Looking for a simple way to support heart health and lower cholesterol naturally? One of the easiest places to start is your breakfast bowl. High-fiber cereals are packed with soluble fiber, a nutrient that can help reduce LDL (bad) cholesterol by binding to cholesterol particles and removing them from the body. In addition to supporting healthy cholesterol levels, fiber-rich cereals can improve digestion, keep you feeling full longer, and help maintain steady energy throughout the day.

With so many options available, choosing the right cereal can be overwhelming. That’s why we’ve rounded up the 10 best high-fiber cereals that combine great nutrition with delicious taste. Whether you prefer classic oats, crunchy bran flakes, or protein-packed blends, these cereals can be a smart addition to a heart-healthy diet and help you take a simple step toward better overall wellness.
Table of Contents
10 Best High Fiber Cereals to Lower Cholesterol Naturally
Now for the list you came here for. These picks are based on fiber content per serving, the ratio of soluble to insoluble fiber, sugar content, whole food ingredients, and real-world palatability — because none of this matters if you won’t eat it.
1. Bob’s Red Mill Organic Extra Thick Rolled Oats
This is the gold standard. Not a cereal in the traditional boxed sense, but oats cooked as porridge are arguably the most powerful cholesterol-lowering breakfast you can eat. One serving (½ cup dry, about 1.4 oz) delivers 4 grams of total fiber, including a meaningful dose of beta-glucan. Bob’s Red Mill uses whole grain oats with no additives, no added sugar, and nothing to get in the way of the fiber doing its job.

If you only make one change, make it this one.
Fiber per serving: 4g | Sugar: 0g | Weight: Available in 2 lb and 5 lb bags View on Amazon
2. Quaker Old Fashioned Oats
The classic. Widely available, affordable, and genuinely effective. Quaker Old Fashioned Oats have been the subject of more cholesterol research than almost any other food product on the market — the FDA’s original beta-glucan heart health claim was largely built on studies using Quaker products. Each serving provides around 4g of fiber.

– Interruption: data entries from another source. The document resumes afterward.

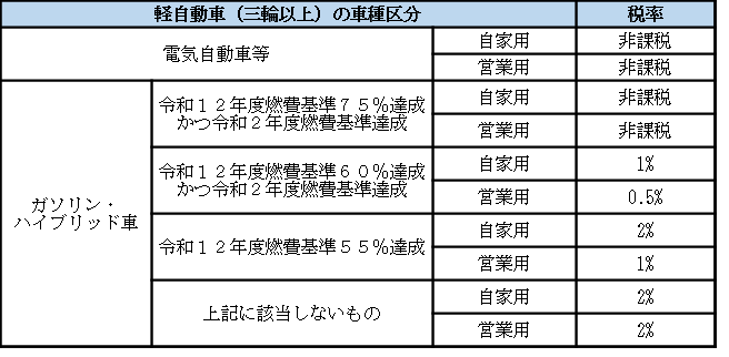 ※令和元年10月1日から令和3年12月31日までの間に取得した軽自動車(乗用自家用)については、環境性能割の税率が1%軽減されます。
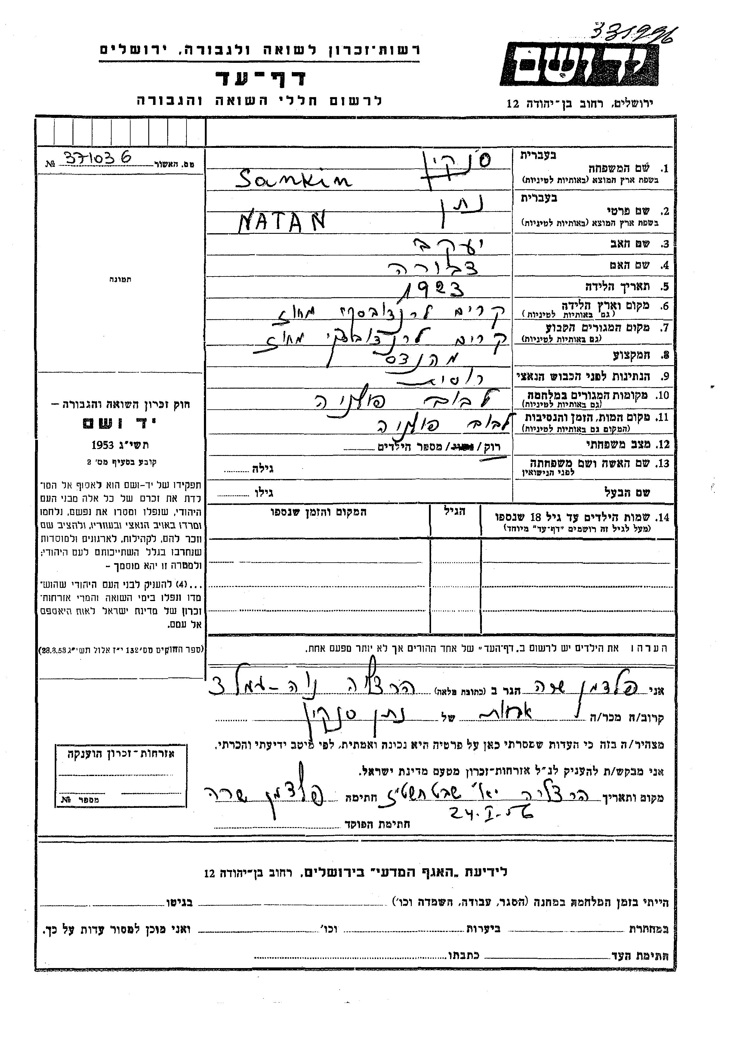 Натан Санкин, место рождения: Крымская АССР, Россия (СССР). Отец: Яков, mать:Двора. Инженер. Холост / не замужем. Место жительства до войны: Крымская АССР, Россия (СССР). Место во время войны: Львов, Польша.
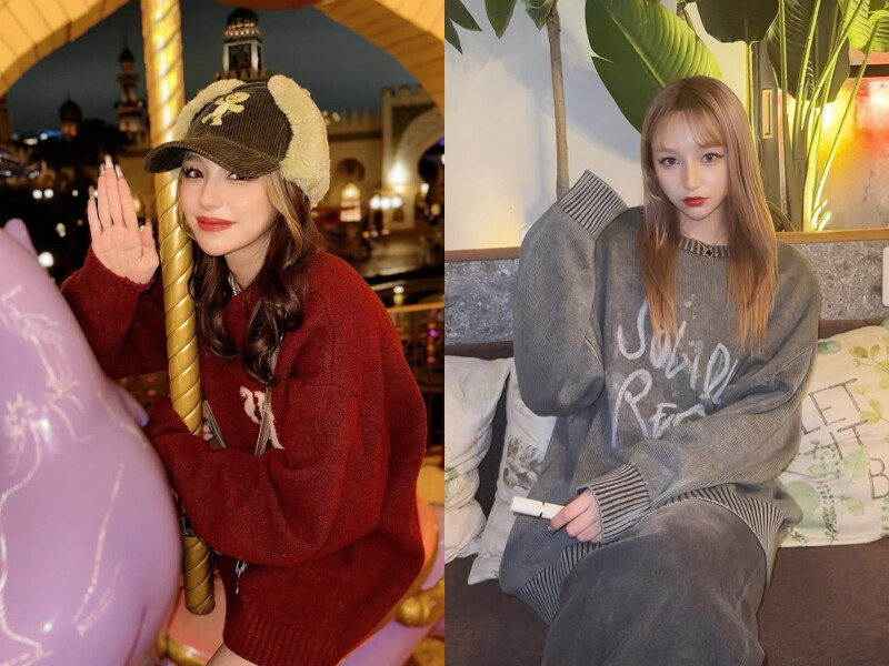 北鼻在穿著上也樂於嘗試多元色系,甜美的紅、粉、紫色系則是她的心頭好,當穿上寬鬆柔軟的針織衫單品,立刻削弱了小混混的不良感,搭配上毛絨絨材質的棒球飛行帽,連眼神都變得無辜了起來!
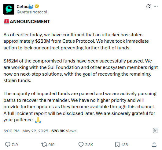 Cetus Protocol crypto-heist: Hackers have stolen $223 million worth of crypto tokens from the Cetus decentralized exchange. The attackers exploited vulnerabilities in several smart contracts that managed the platform's asset liquidity pools. Cetus says it worked with industry partners and has already frozen $162 million of the stolen assets.
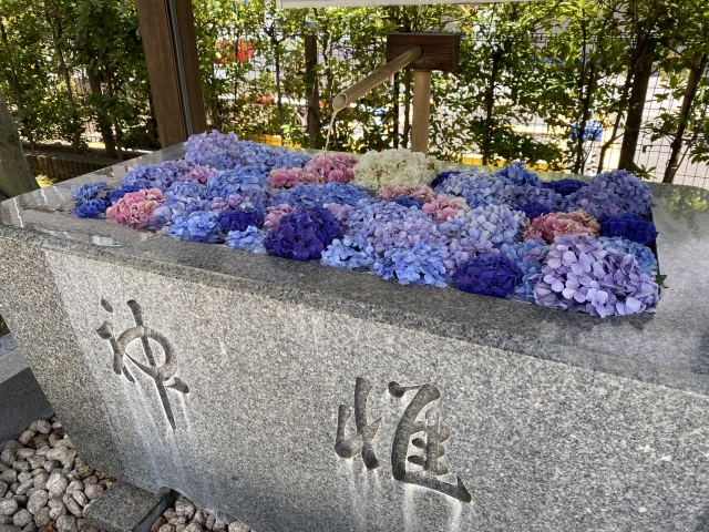 右側に花手水の手水舎が。
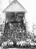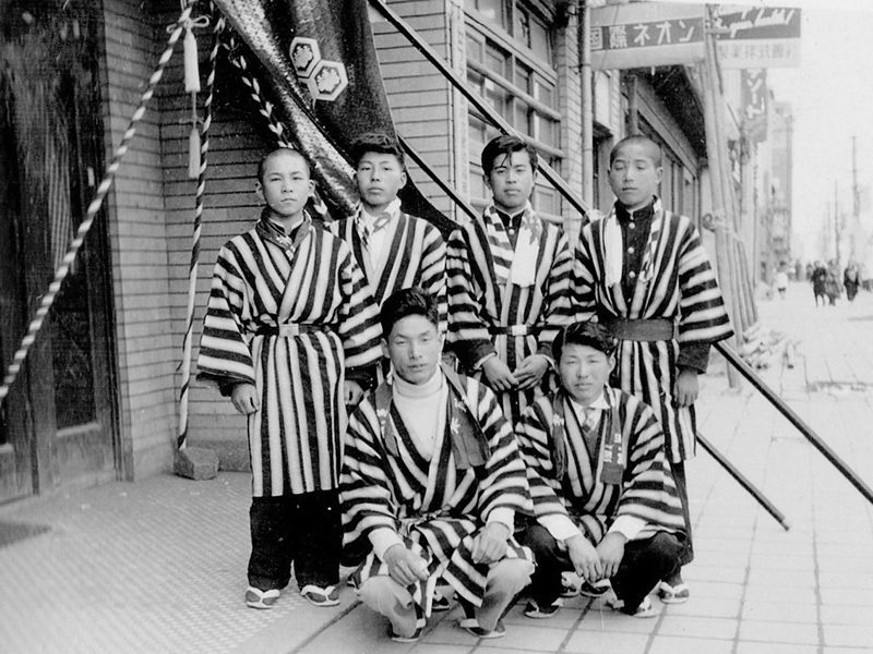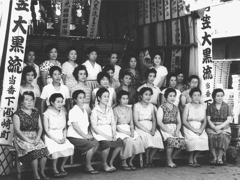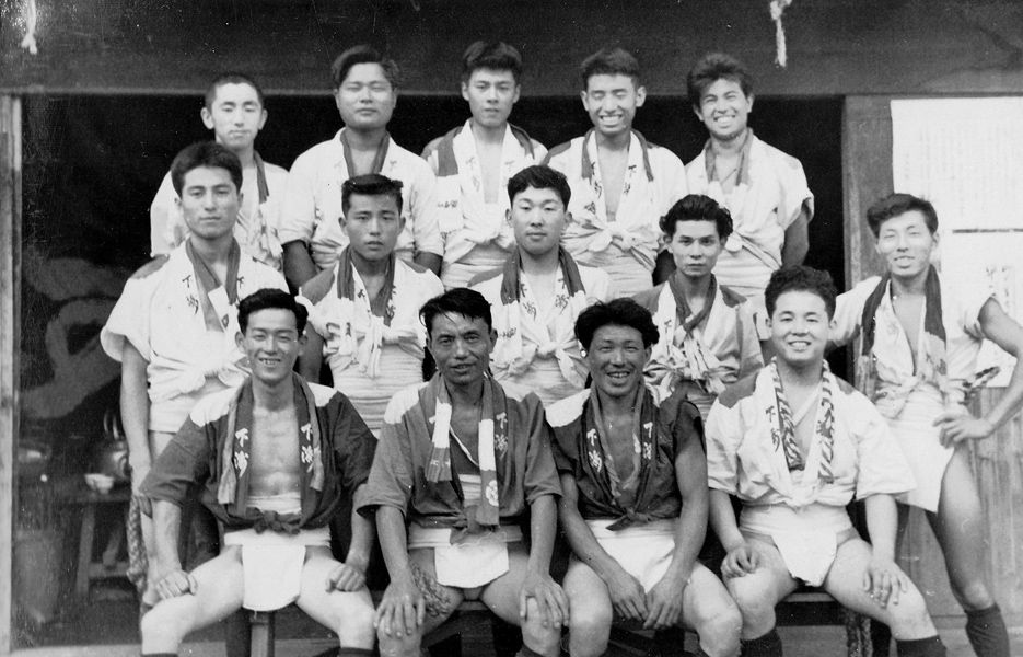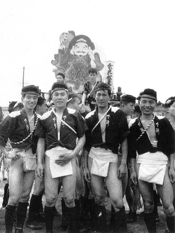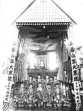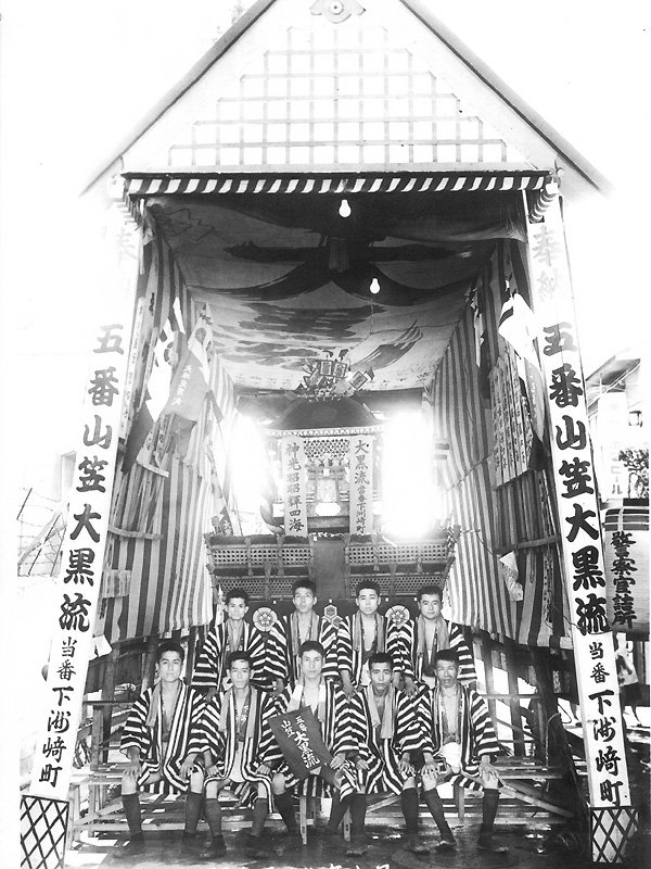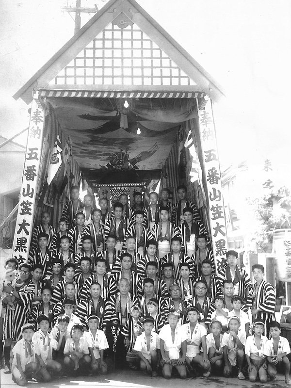 その間、昭和19年に戦前戦中最後の山笠当番をつとめます。翌20年6月19日の福岡大空襲で全町壊滅し、戦後の区画整理で昔の面影はなくなってしまうのですが、この年、昭和19年には映画「陸軍」の撮影のため9月にもう一度ヤマを建て撮影に協力しており、劇中、山笠が下洲崎町を舁き廻る姿が残されています。
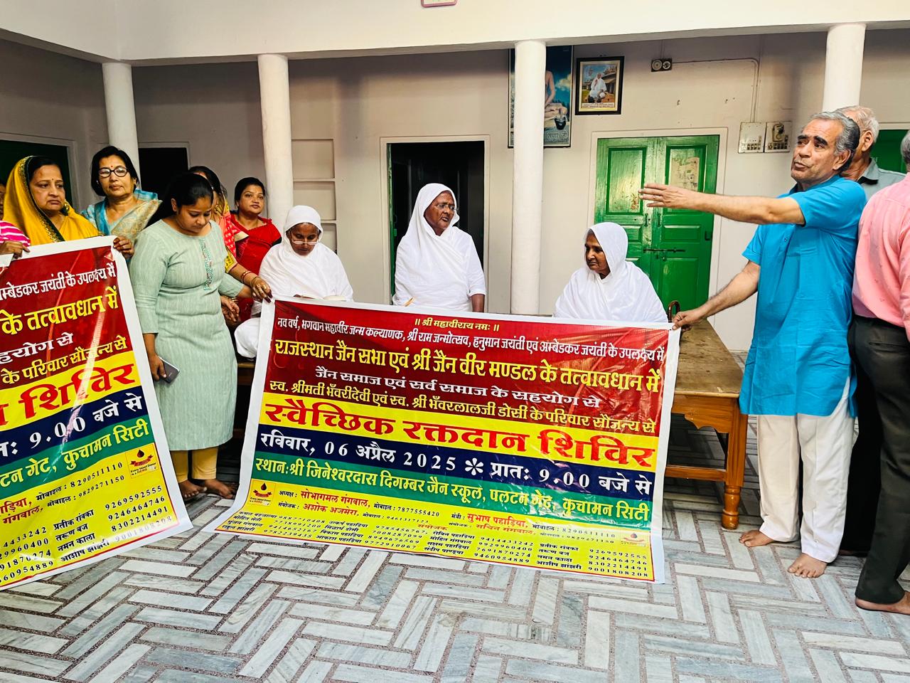 कुचामन सिटी। नववर्ष, रामनवमी, भगवान महावीर जन्म कल्याणक महोत्सव, वीर हनुमान, डॉ भीमराव अम्बेडकर जयंती पर जिनेश्वर दास दिगम्बर माध्यमिक विद्यालय, पलटन गेट पर सर्व समाज व जैन समाज कुचामन द्वारा स्व. भवरीदेवी व स्व. भवरलालजी डोसी परिवार के सौजन्य से राजस्थान जैन सभा व श्री जैन वीर मण्डल कुचामन के तत्वावधान में आयोजित रक्तदान शिविर प्रचार-प्रसार हेतु पोस्टर का विमोचन परम पुज्य गणिनी आर्यिका सरस्वती माताजी, अनन्तमति माताजी, महोत्सव मति माताजी के सानिध्य में नथमल, सोभागमल, विनोद, अशोक, विपुल गगवांल देवेन्द्र, जयकुमार, विजय, मुकेश पहाडिया, सुभाष, पंकज रावका, राजकुमार सेठी, राजकुमार, विनोद काला, विमल पाटनी, रविकांत पाटोदी, समाज के श्रावक-श्राविकाओ ने विमोचन कर रक्तदान शिविर को सफल बनाने का आश्वासन दिया।
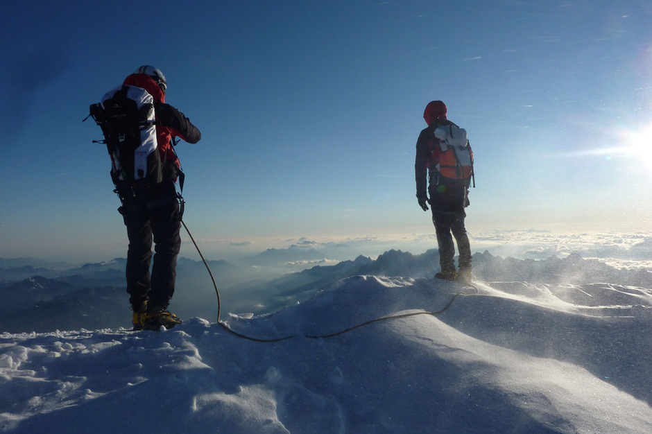 You will leave the mountain hut at dawn and cross a first gravelly slope that leads to the rocky Hintergrat crest. The climbing terrain is both ice and rocks, the difficulty level of this route is II and III grade, with one IV grade pitch. This climbing route will lead you to the summit of mount Ortler (3905 metres). Then descend on the normal route along the snowy north-west peak, across crevasses and some climbing pitches equipped with fixed steel cables, to reach the hut Rifugio Payer (3029 metres).
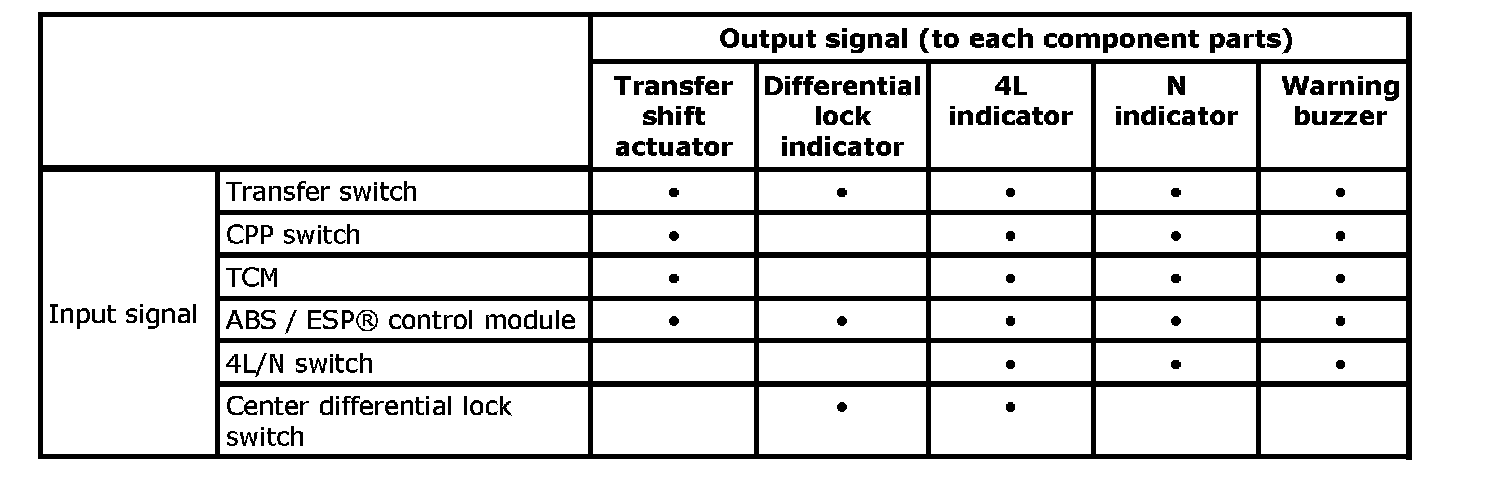 4WD control module outputs the following signals to actuators, indicators, warning buzzer, according to the transfer switch operation.
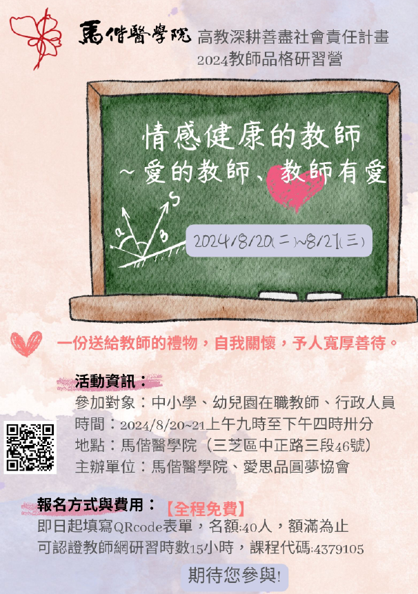 一、活動目的:提供北海岸教師在職進修的學習。本研習包含 教師與自我、教師與親友你我、群我的關係:「愛與接納 自己」、「失落收尾學」、「和諧粉彩癒身心」、「好好 告白與拒愛」、「成為情感成熟的大人」等實用的課程。

It’s not fancy. But it works.
Fiber per serving: 4g | Sugar: 0g | Weight: Available in 2 lb containers View on Amazon
3. Kashi GO Original Cereal
For people who want actual cereal — the kind you pour into a bowl with cold milk — Kashi GO Original is one of the best picks in the category. It’s made with a blend of whole grains, soy protein, and puffed grains, delivering 8 grams of fiber per serving alongside 13 grams of protein. The combination of fiber and protein keeps you full considerably longer than most cereals.

The flavor is nutty and wholesome. It’s not trying to taste like a dessert, and that’s actually a good thing.
Fiber per serving: 8g | Sugar: 8g | Weight: 13.1 oz box View on Amazon
4. Post Grape-Nuts Original
Grape-Nuts is one of those cereals that’s been around so long it almost feels retro. But there’s a reason it’s lasted — the nutritional profile is genuinely impressive. Made from whole grain wheat flour and barley flour, it provides 7 grams of fiber per serving, including soluble fiber from the barley. It’s dense, crunchy, and relatively low in sugar.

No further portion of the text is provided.